Hey! How's it goin'?

And who might this be?

Oh. So you star 69'ed me I guess.

No, I just saw the number on here. Who is this?

Oh this is Mark Prindle from New York. Say! Do you have time for an interview right now? Or are you busy?

Yeah, I can - but you should call me back on a line where I don't have to pay.

Oh you're paying for this?

Yeah, it's a cell phone. Let me give you a number to call me back at. (speaks to somebody in the background) Okay, you can reach me at (phone number). No. That was wrong. It's (slightly different phone number).

Ok, I'll call you right back!

(I call him right back)

Hey.

Hey! Excuse me while I turn the tape recorder on, so I don't have to type while we're talking. (note: the tape recorder then proceeded to not record the first few minutes of the interview, for no clear reason.
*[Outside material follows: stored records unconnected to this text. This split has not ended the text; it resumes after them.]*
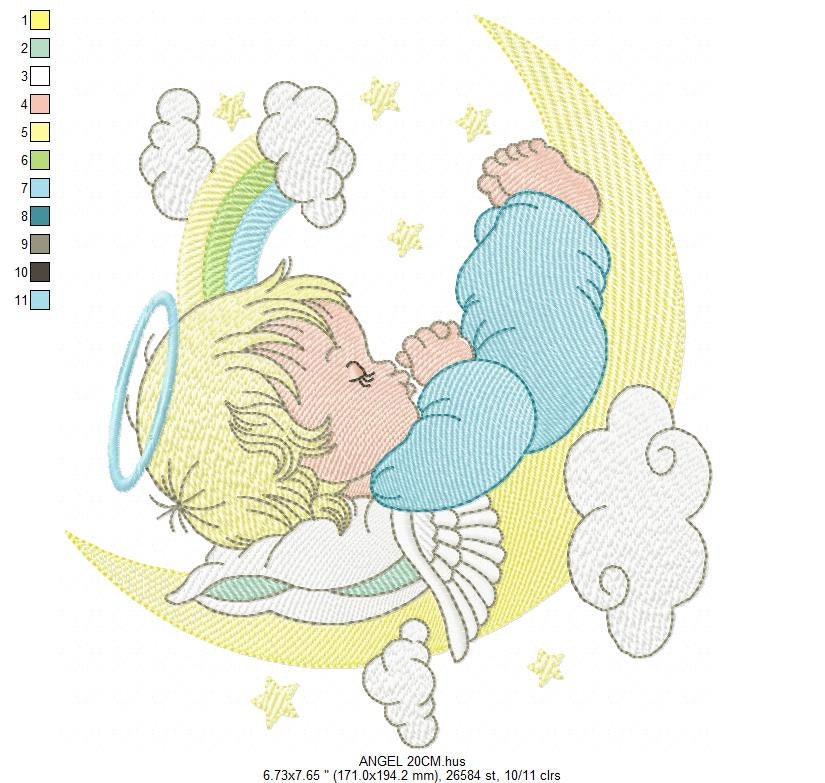 Angel embroidery designs - Boy in moon embroidery design machine embroidery pattern - Angel wings halo embroidery file - stars and rainbow
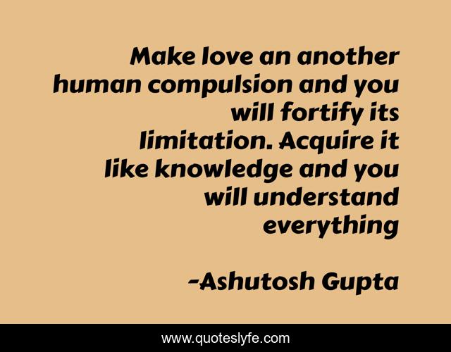 This page presents the quote "Make love an another human compulsion and you will fortify its limitation. Acquire it like knowledge and you will understand everything". Author of this quote is Ashutosh Gupta. This quote is about philosophy-of-life, wisdom,.
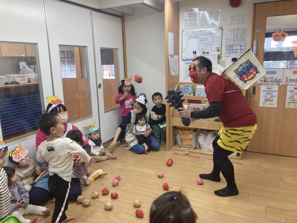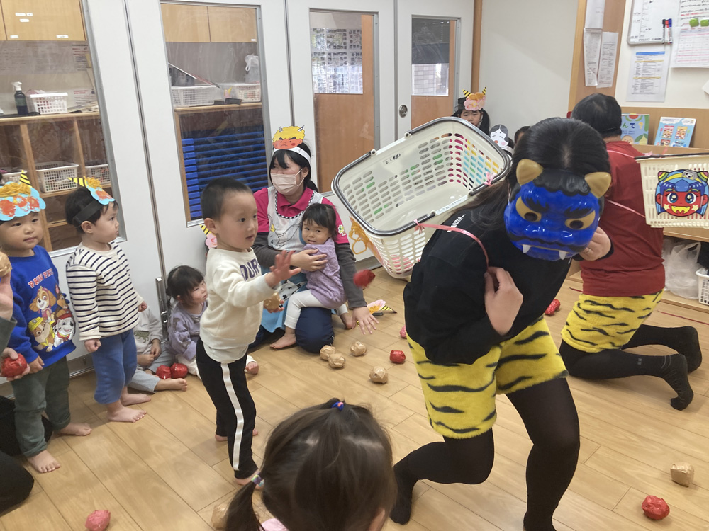 保育園の玄関には子どもたちの節分の作品を飾っていますので、ぜひ送迎の際にはお子さんの作品を探してみてください。

So I had to dictate from memory!)

OK.

So now you're all mad at me because of my hilarious "crank" phone call.

I'm not mad at you! Just disappointed.

Well, I'm disappointed at you for being able to find out that it was me! So what was with this email you sent me that said the Dwarves probably won't make any more albums?

Well, you never know. Anything could happen.

Did you get sick of it or....

Well, I've been doing it for a long time.

Plus I guess... I mean, by the end you were the only original member, right?

Well, and He-Who. Me and He-Who were the... the constants.

Really? I thought he left the band for a while. Or did he just become a different character?

No, he was always on the albums.

He was on Young And Good-Looking?

Some of it, yeah! His presence was always felt on the albums.

So you're... you don't want to do the Dwarves anymore?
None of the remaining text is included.